NIC ASIA Bank
- NIC ASIA Bank
- Native name: एन.आई.सी.एशिया बैंक
- Company type: Public Limited
- Traded as: NEPSE: NICA
- Industry: Banking, financial services
- Founded: 1998
- Headquarters: Nepal, Kamaladi, Kathmandu
- Number of locations: 300+
- Area served: Nepal
- Key people: Mr. Ashok Agrawal (chairman) Sujit Kumar Shakya CEO
- Products: Consumer banking, corporate banking, finance and insurance, investment banking, mortgage loans, private banking, private equity, savings, securities, asset management, wealth management, credit cards
- Number of employees: 3000+
- Subsidiaries: NIC Asia Capital Ltd.
- Website: www.nicasiabank.com

= NIC ASIA Bank =

Nepalese bank

NIC ASIA Bank was founded as Nepal Industrial and Commercial Bank on 21 July 1998. It was renamed NIC ASIA Bank on 30 June 2013 after it merged with Bank of Asia.

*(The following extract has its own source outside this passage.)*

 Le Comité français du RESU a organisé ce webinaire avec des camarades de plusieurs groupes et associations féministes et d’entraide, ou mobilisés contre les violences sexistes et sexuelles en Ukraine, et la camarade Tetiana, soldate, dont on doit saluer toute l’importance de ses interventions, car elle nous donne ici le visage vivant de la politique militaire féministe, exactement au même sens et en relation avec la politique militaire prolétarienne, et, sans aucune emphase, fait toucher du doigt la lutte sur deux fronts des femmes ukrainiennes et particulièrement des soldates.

The merger was the first between of two commercial banks in the Nepalese Banking history. After the merger, NIC ASIA was recognized as "Bank of the Year 2013-Nepal" by The Banker, Financial Times, UK. This is the second time that the bank was recognized with this prestigious award, the previous occasion being in 2007. The Bank has successfully completed its 21 years of operation. The company has currently the following wholly owned subsidiaries: NIC Asia Capital Limited and NIC Asia Laghubittiya Sanstha limited.

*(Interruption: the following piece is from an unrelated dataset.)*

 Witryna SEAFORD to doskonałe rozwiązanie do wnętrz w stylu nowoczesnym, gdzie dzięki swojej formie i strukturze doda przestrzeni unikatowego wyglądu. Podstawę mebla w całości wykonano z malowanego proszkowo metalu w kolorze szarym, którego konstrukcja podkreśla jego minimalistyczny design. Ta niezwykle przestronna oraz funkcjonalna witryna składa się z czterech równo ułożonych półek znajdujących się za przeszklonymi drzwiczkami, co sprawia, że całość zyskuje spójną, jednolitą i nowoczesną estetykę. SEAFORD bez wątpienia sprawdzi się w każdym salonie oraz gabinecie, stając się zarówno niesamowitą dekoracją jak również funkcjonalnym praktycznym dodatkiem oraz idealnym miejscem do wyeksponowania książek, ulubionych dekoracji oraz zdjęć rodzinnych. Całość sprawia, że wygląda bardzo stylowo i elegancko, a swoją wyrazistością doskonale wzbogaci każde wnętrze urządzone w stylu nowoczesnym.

The bank, with its 360 branches, 647 ATMs, 108 extension counters, 41 branchless banking service, and 647 ATMs across the country, serving all major financial centers. The head office of NIC ASIA Bank is located in Kamaladi, Kathmandu, Nepal. It is the largest bank in terms of footprint expansion, customer base including balance sheet size. Currently bank is providing services to more than 3 million customers (April 2022).

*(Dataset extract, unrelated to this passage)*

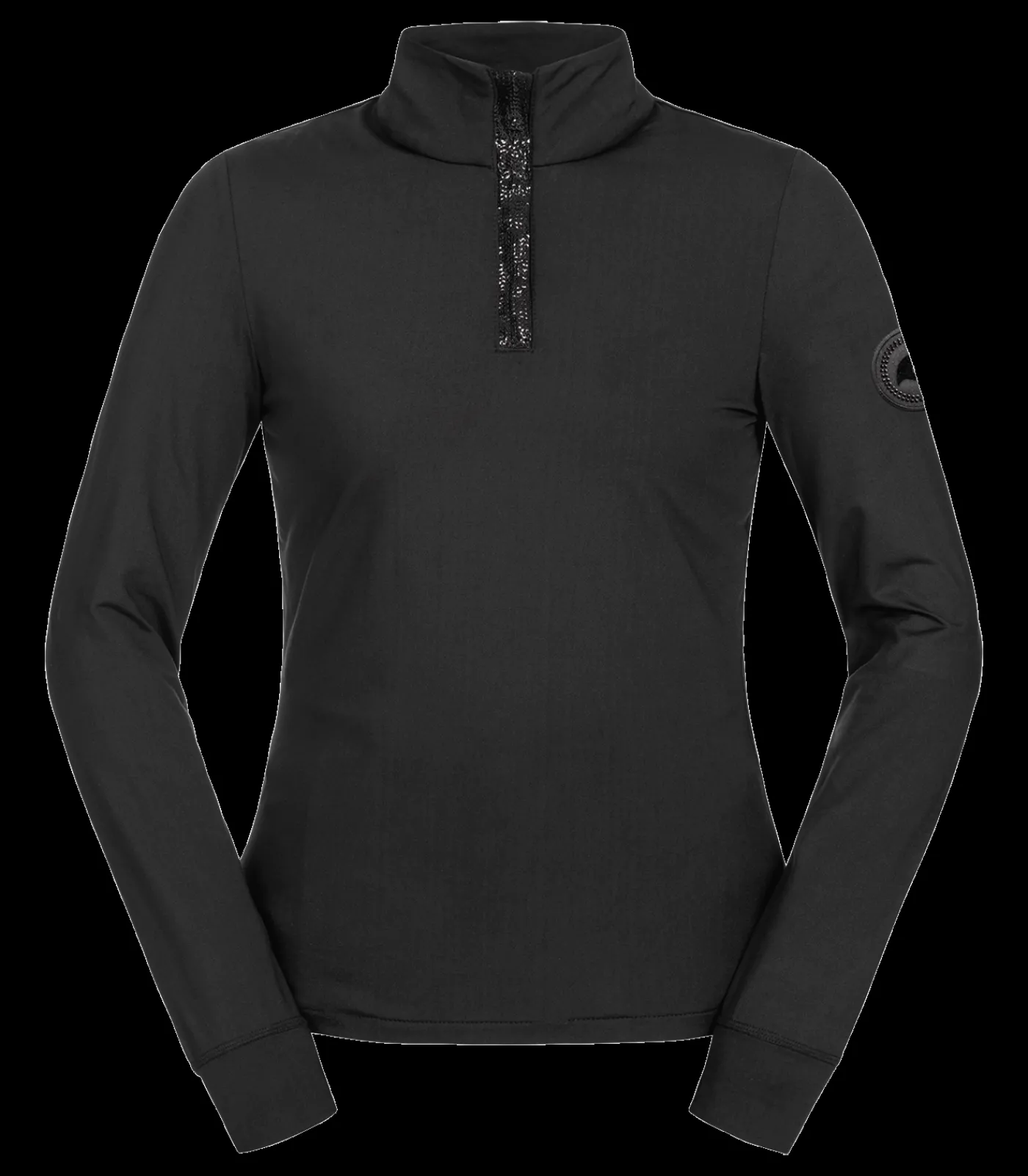 – Elegantes Badge mit schwarzen Glitzersteinchen und Flockprint-Logo

The bank is headed by Mr. Ashok Kumar Agrawal as its chairman and Mr. Sujit Kumar Shakya as chief executive officer.

==Ownership structure==
The bank currently has a paid-up capital of 14.92 billion Nepalese rupees (as of FY 2023/24).

- Promoter Group - 51.00%
- General Public - 49.00%

==Subsidiaries==

The bank's subsidiaries are as follows:
- NIC asia Capital Limited.
- NIC asia Laghubitta Bittiya Sanstha Limited.